→ **WORK REQUIRED**
In the records below, repeat exactly the lines between the line holding "Determine whether operating" and the line holding "Кольцо с аметистом, топазом, хризолитом", inclusive, and drop the pictures.

[Records excerpted from a collection]
====

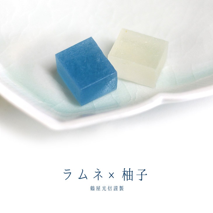 植物由来の寒天に、柚子のさわやかな甘みと昔懐かしい、ラムネ菓子の清涼感を味じ込め、炊き上げた琥珀糖です。
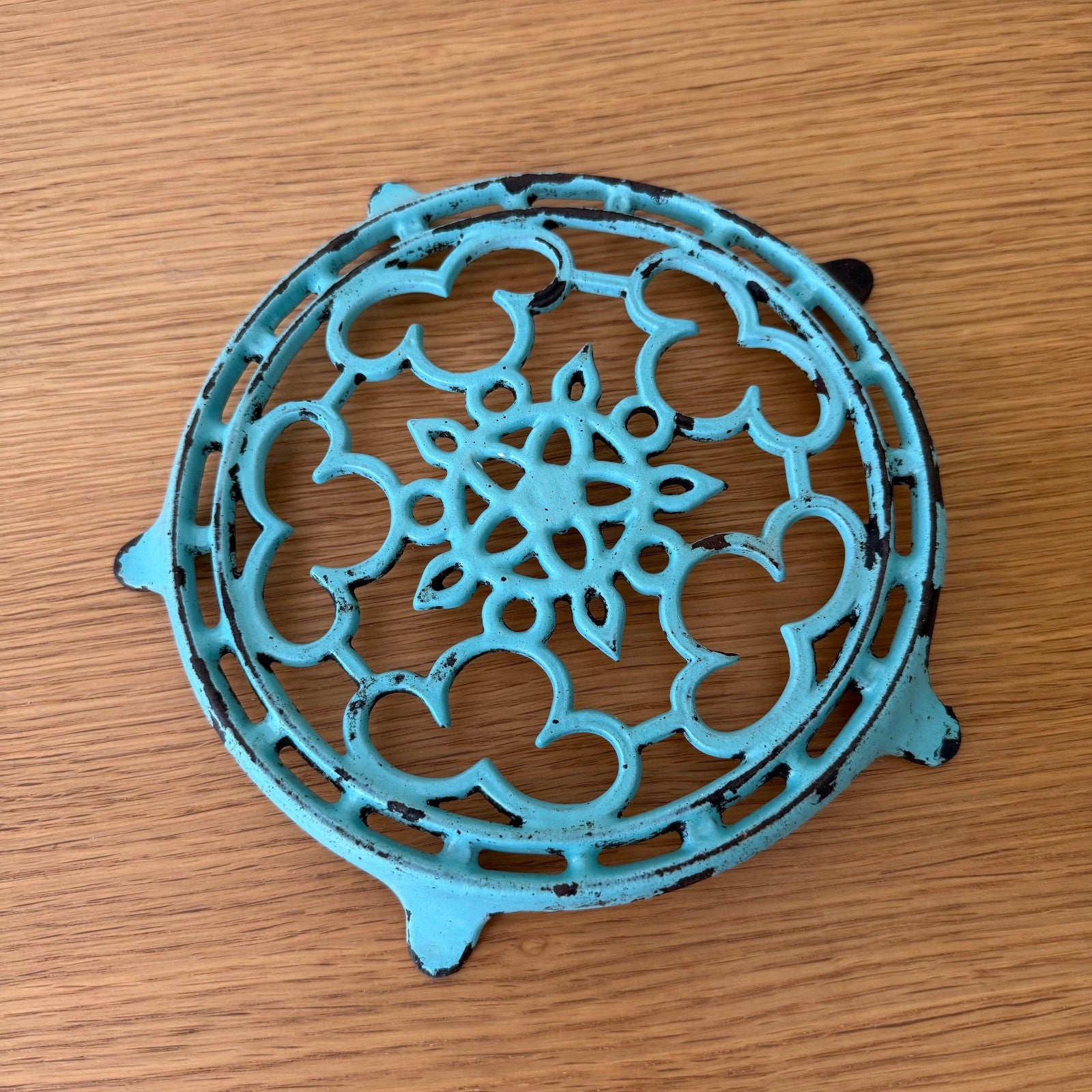 Antique vintage french Cast iron kitchen Trivet france blue turquoise 2307254
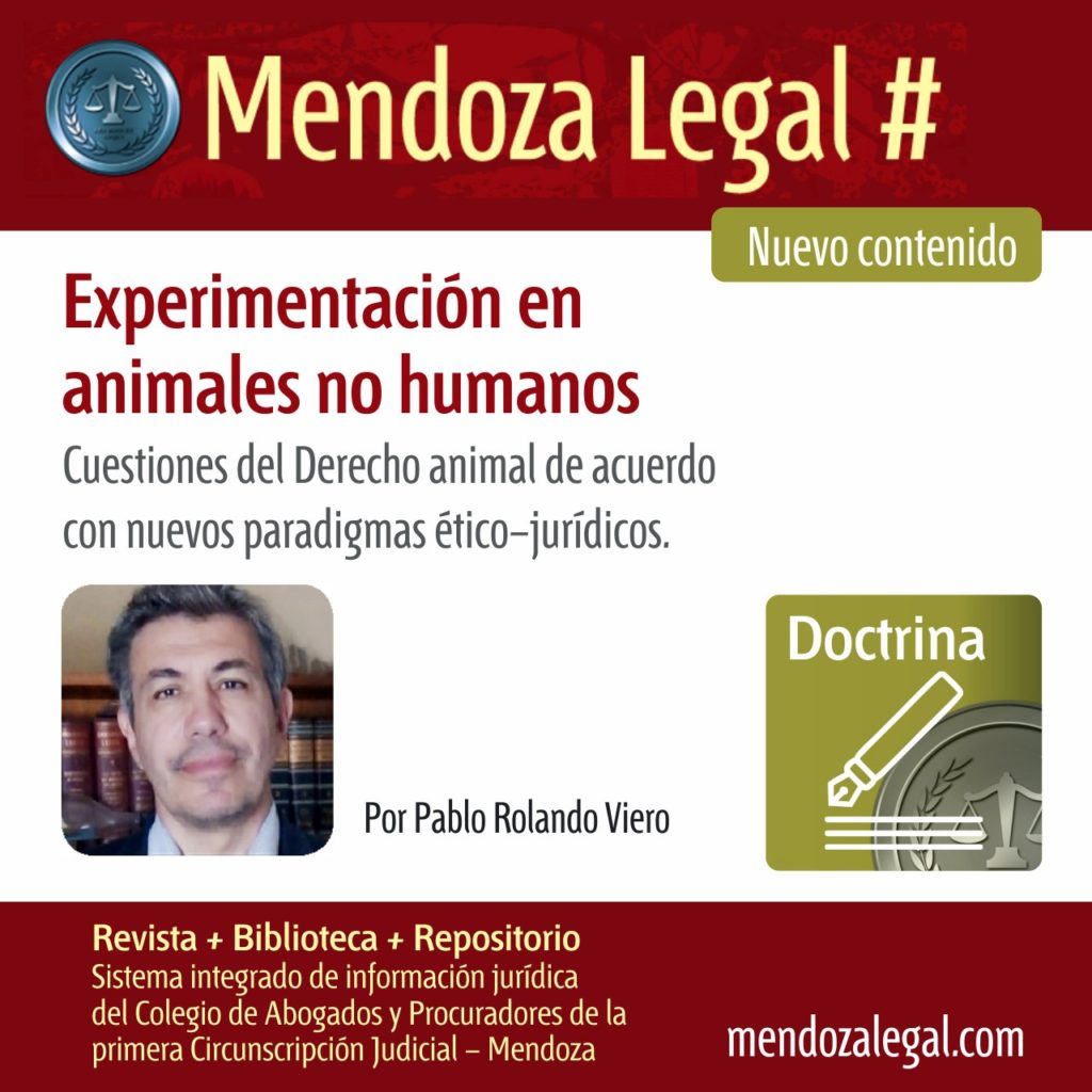 Mendoza Legal es el sistema integrado de información jurídica del Colegio de Abogados y Procuradores de la Primera Circunscripción Judicial de Mendoza. Una de sus últimas publicaciones ofrece un artículo de Pablo Rolando Viero, abogado por la Universidad Nacional del Litoral y miembro de la Comisión de Derecho Animal del Colegio de Abogados.
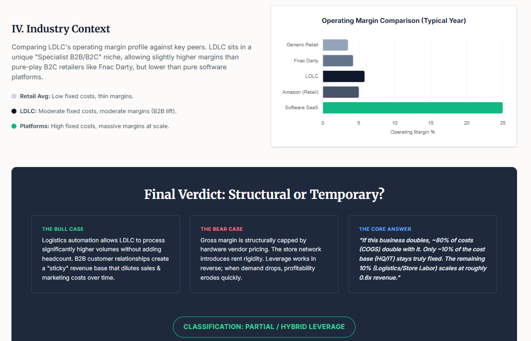 Determine whether operating leverage is structural or temporary, and how it compares to industry norms.
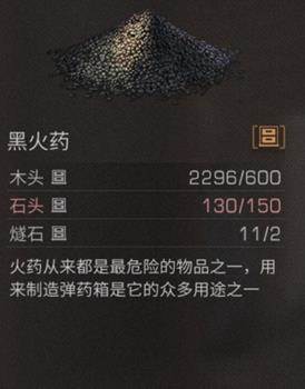 黑火药是制作弹药箱的材料,也可以用来补充军火箱的弹药。需要木头*600、石头*150、燧石*2,在装备制作台制作。
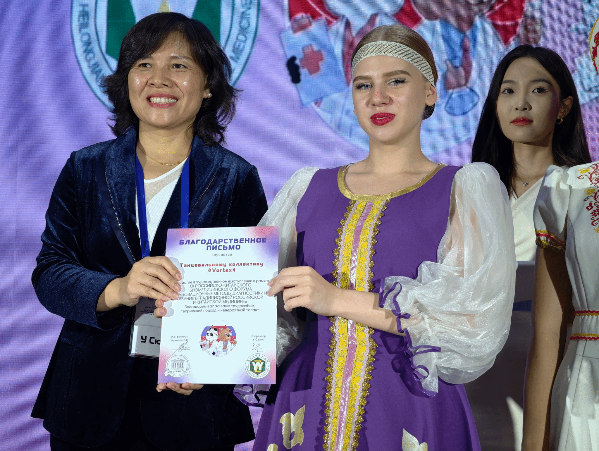 吴修红在致辞中指出,多年来中俄两校的兄弟情谊在岁月洗礼中愈发醇厚,是中俄世代友好、合作共赢理念的生动写照。双方在科研攻坚、人才培养、文化互动等领域深度协作、携手前行,筑牢了合作根基。未来,希望在中国向北开放等政策的推动下,中医药在俄罗斯及更广阔的欧亚区域声名远播。作为对俄医学交流前沿力量,黑龙江中医药大学有责任挖掘传统医药的科学价值,并用现代科研手段阐释其内在机理,为世界医学版图添彩增色。
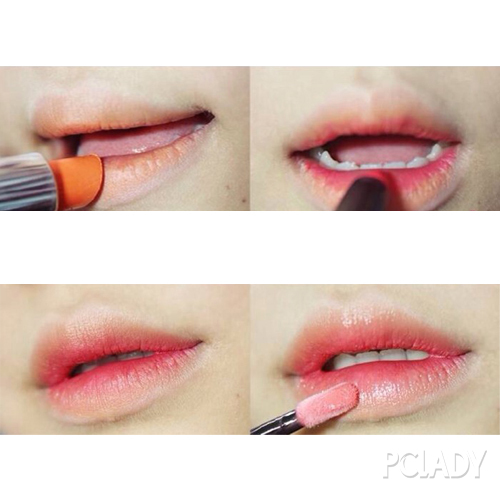 3、内侧涂抹颜色较深唇膏,轻轻点染,最后涂上唇蜜提亮。
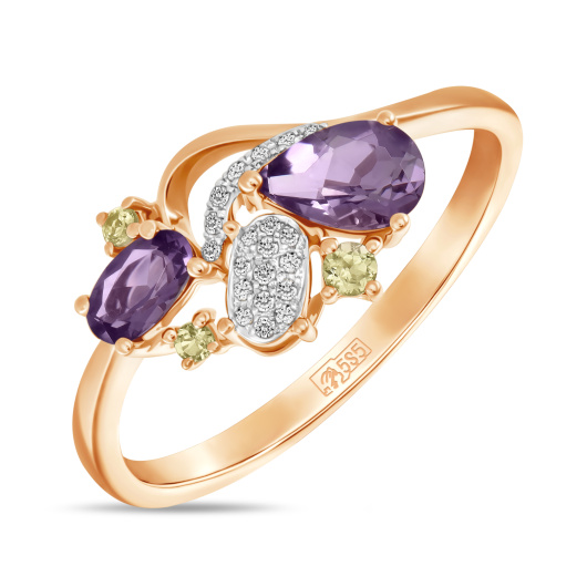 Кольцо с аметистом, топазом, хризолитом и фианитом
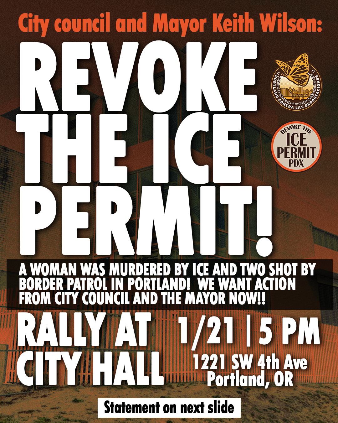 Portland City Council and the mayor have the ability to kick ICE out of Portland by revoking the permit for the Portland ICE Facility at 4310 S Macadam Ave. (https://nextcity.org/urbanist-news/portland-is-taking-steps-to-revoke-an-ice-facilitys-land-use-permit) Despite over 1,000 emails sent to city council and the mayor, hundreds of public comments and rallies to demand the facility is shut down, the city has taken no action to shut down the facility or to fine the owner of the facility for violations of its conditional use permit. So on 1/21 at 5 PM we will rally at Portland City Hall to demand city council and the mayor put forth immediate legislation to shut down the ICE Facility. It cannot wait another day! Join us in saying ICE out of Portland and revoke the ICE permit! We will go into the chambers at 6 PM for public comment. Meet at 1221 SW 4th Ave, Portland, OR at 5 PM.
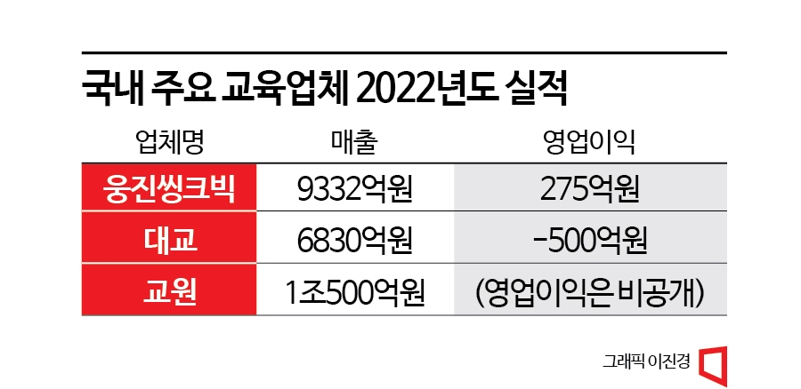 웅진씽크빅은 국내 대형 교육업체 중 디지털 변화에 가장 기민한 편이다. 코로나19로 에듀테크가 크게 주목받기 전인 2014년부터 디지털 전환을 선언하고 2016년 IT개발실을 신설하는 등 기존 사업을 빠르게 재편했다. 에듀테크 역량이 뒷받침되자 2020년엔 매출에서 대교를 3위로 밀어내고 업계 선두 교원을 바짝 뒤쫓고 있다. 지난해엔 매출 9332억원, 영업이익 275억원을 기록하며 1조클럽 입성을 눈앞에 두고있다.
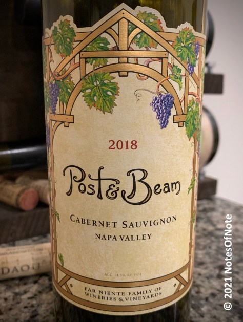 If you’re an oenophile of any sort, you probably know Far Niente by name, reputation, or at perhaps its signature label. Yes, me too. When I first saw the 2018 Post & Beam and its attractive price tag I scooped up a few right away.
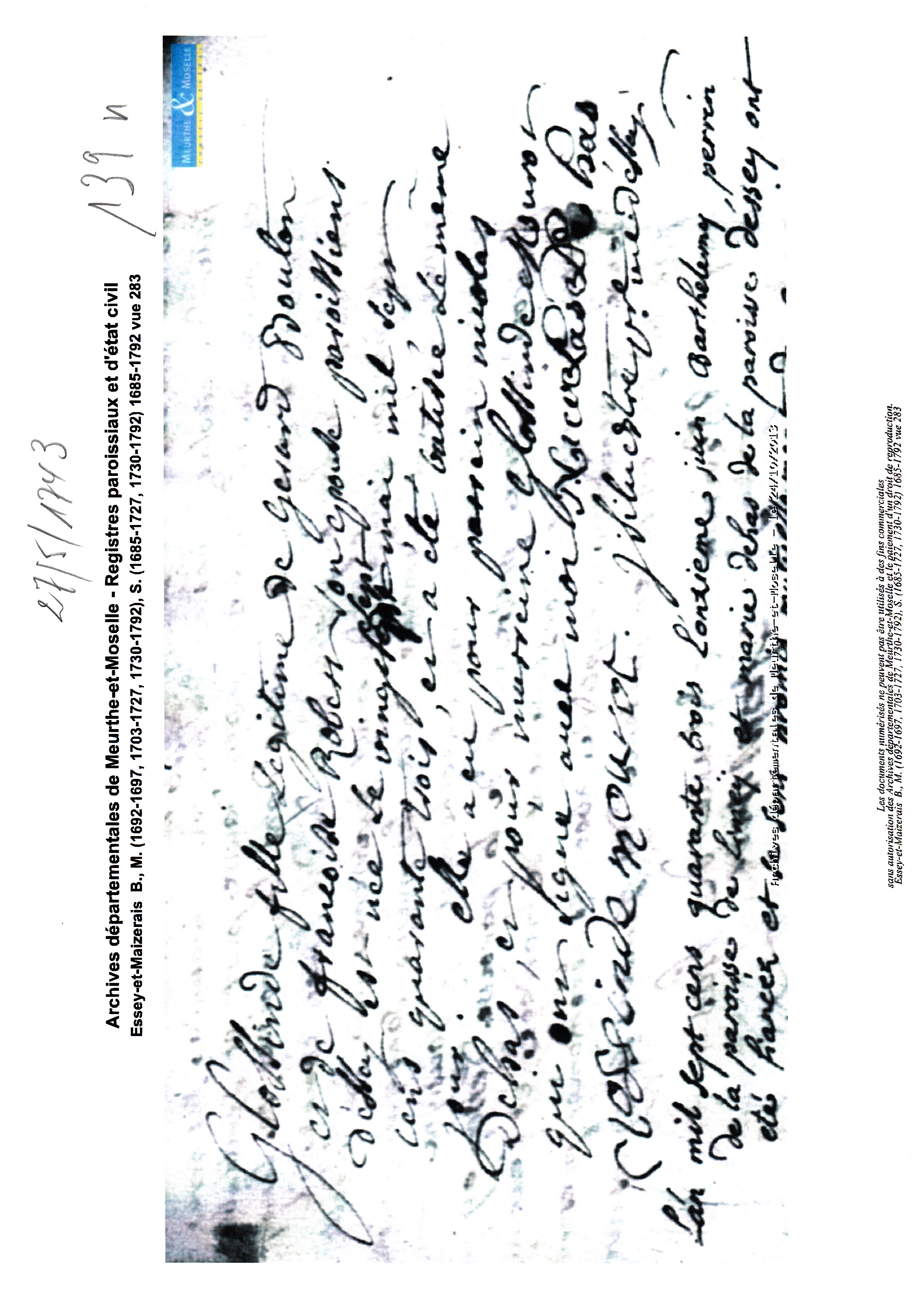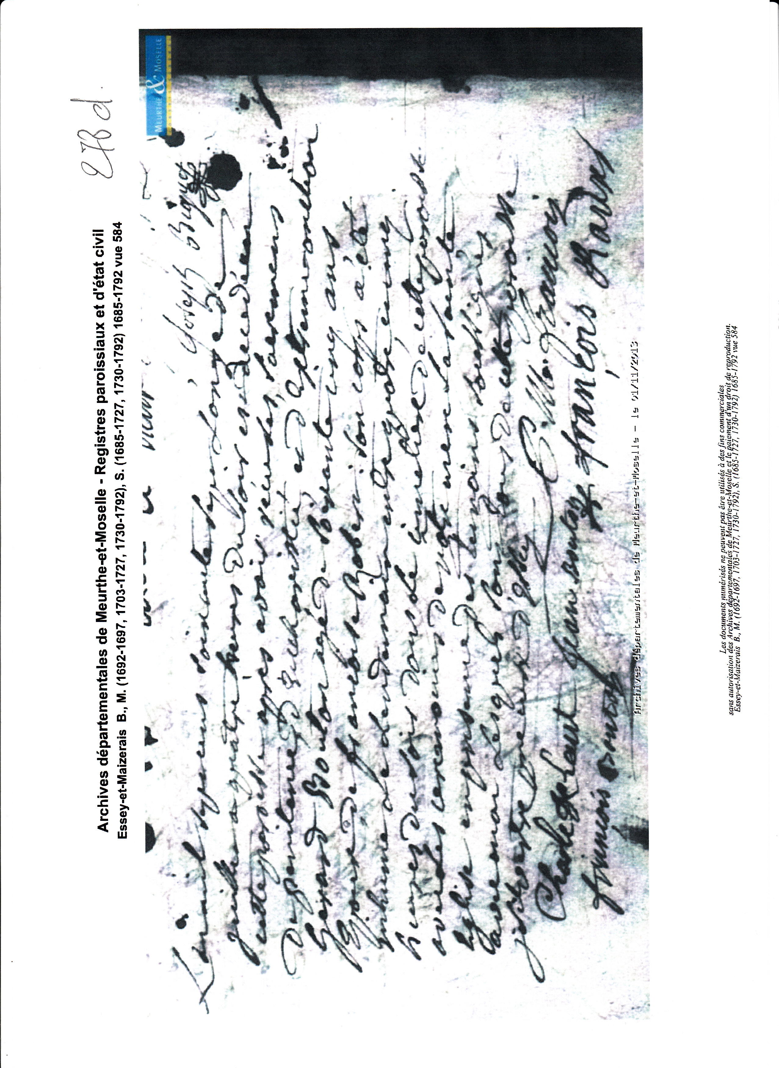 Naissance : vers 1679 à Essey et Maizerais 54470 Décès : 6 août 1758 à Essey et Maizerais 54470 ( Source )
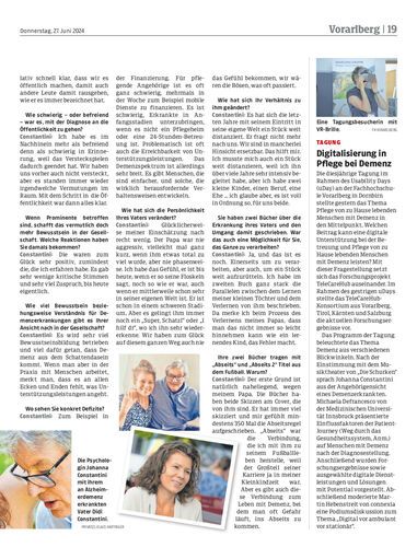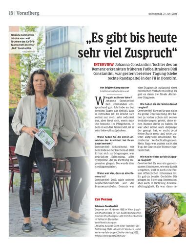 Interview. Johanna Constantini, Tochter des an Demenz erkrankten früheren Fußballtrainers Didi Constantini, war gestern bei einer Tagung (siehe rechte Randspalte) in der FH in Dornbirn.

====

→ **RESPONSE FOR THIS EXERCISE**
 Determine whether operating leverage is structural or temporary, and how it compares to industry norms.
 黑火药是制作弹药箱的材料,也可以用来补充军火箱的弹药。需要木头*600、石头*150、燧石*2,在装备制作台制作。
 吴修红在致辞中指出,多年来中俄两校的兄弟情谊在岁月洗礼中愈发醇厚,是中俄世代友好、合作共赢理念的生动写照。双方在科研攻坚、人才培养、文化互动等领域深度协作、携手前行,筑牢了合作根基。未来,希望在中国向北开放等政策的推动下,中医药在俄罗斯及更广阔的欧亚区域声名远播。作为对俄医学交流前沿力量,黑龙江中医药大学有责任挖掘传统医药的科学价值,并用现代科研手段阐释其内在机理,为世界医学版图添彩增色。
 3、内侧涂抹颜色较深唇膏,轻轻点染,最后涂上唇蜜提亮。
 Кольцо с аметистом, топазом, хризолитом и фианитом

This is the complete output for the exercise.